- Genre: Sketch comedy
- Directed by: Adam Brannigan
- Starring: Chris Lilley Andrew O'Keefe Andrew Dyer Jo Gill Richard Pyros Rebecca De Unamuno Melissa Madden-Gray Kate McCartney Jake Stone
- Country of origin: Australia
- Original language: English
- No. of seasons: 1
- No. of episodes: 13

Production
- Running time: 22 minutes

Original release
- Network: Seven Network
- Release: 8 May 2003 – 4 March 2004

= Big Bite =

Big Bite is an Australian sketch comedy television series which ran on the Seven Network from 8 May 2003 to 4 March 2004 in a prime time timeslot on Thursdays. Since the end of the series, episodes have been repeated on the Foxtel cable channel, The Comedy Channel and 7Two.

==Overview==
Only moderately successful on its initial broadcast and despite an initially mixed reception, the show has gradually developed something of a cult following, due to having begun the careers of a number of now prominent performers, directors and writers. Andrew O'Keefe started his television career on the show and went on to host Deal or No Deal, Dragons' Den, The Rich List, Weekend Sunrise and The Chase Australia.
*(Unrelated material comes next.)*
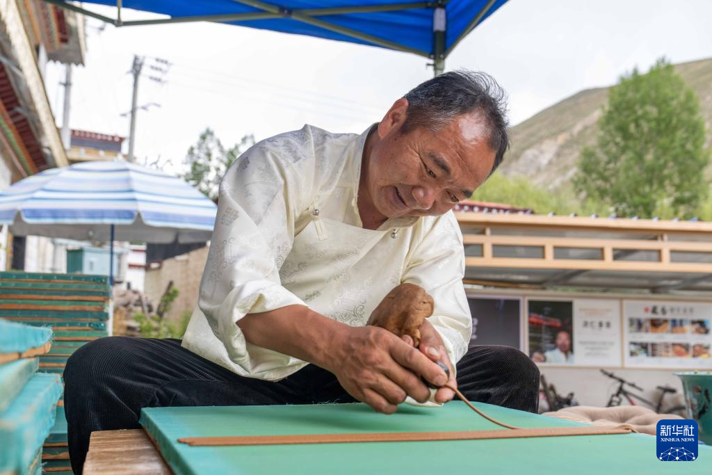這是一名傳承西藏傳統(tǒng)雕刻修復技藝的雕刻師(8月6日攝)。西藏傳統(tǒng)雕刻修復技藝入選西藏自治區(qū)級非物質(zhì)文化遺產(chǎn)代表性項目名錄。新華社記者 姜帆 攝 ??

Chris Lilley's character Mr G first appeared here; he subsequently appeared in Summer Heights High and released a novelty single.
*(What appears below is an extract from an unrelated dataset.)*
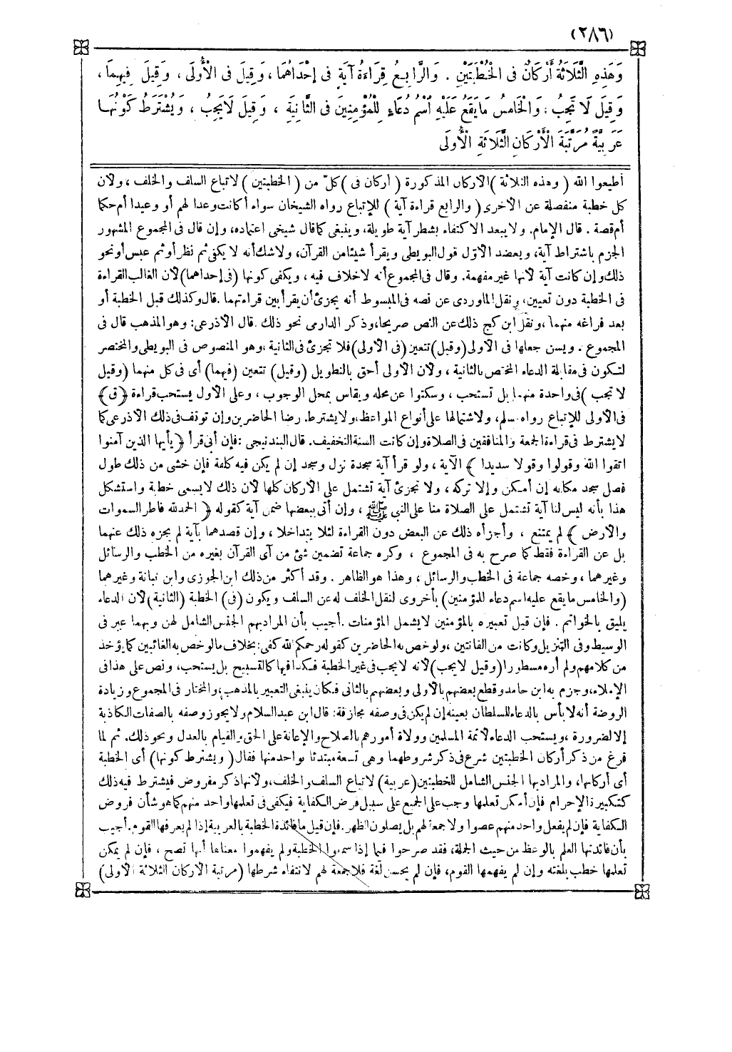 ثم لما فرغ من ذكر أركان الخطبتين شرع في ذكر شروطهما وهي تسعة مبتدئا بواحد منها فقال ( ويشترط كونها ) أي الخطبة أي أركانها والمراد بها الجنس الشامل للخطبتين ( عربية ) لاتباع السلف والخلف ولأنها ذكر مفروض فيشترط فيه ذلك كتكبيرة الإحرام فإن أمكن تعلمها وجب على الجميع على سبيل فرض الكفاية فيكفي في تعلمها واحد منهم كما هو شأن فروض الكفاية فإن لم يفعل واحد منهم عصوا ولا جمعة لهم بل يصلون الظهر

Other performers on the show included improvisational comedian Rebecca De Unamuno, experimental theatre star Melissa Madden Gray (now known for her cabaret character 'Meow Meow'), Kate McCartney (who would go on to star in The Katering Show and Get Krack!n), Richard Pyros (today a member of The Sydney Theatre Company's 'Residents' acting ensemble) and Jake Stone, former lead singer of popular Australian funk pop rock band Bluejuice. Other television personalities associated with the show included The Comedy Channel presenter Cameron Knight, comedian Charlie Pickering and actor Charlie Clausen. Many of the actors from this series would later appear on The Hamish and Andy Show.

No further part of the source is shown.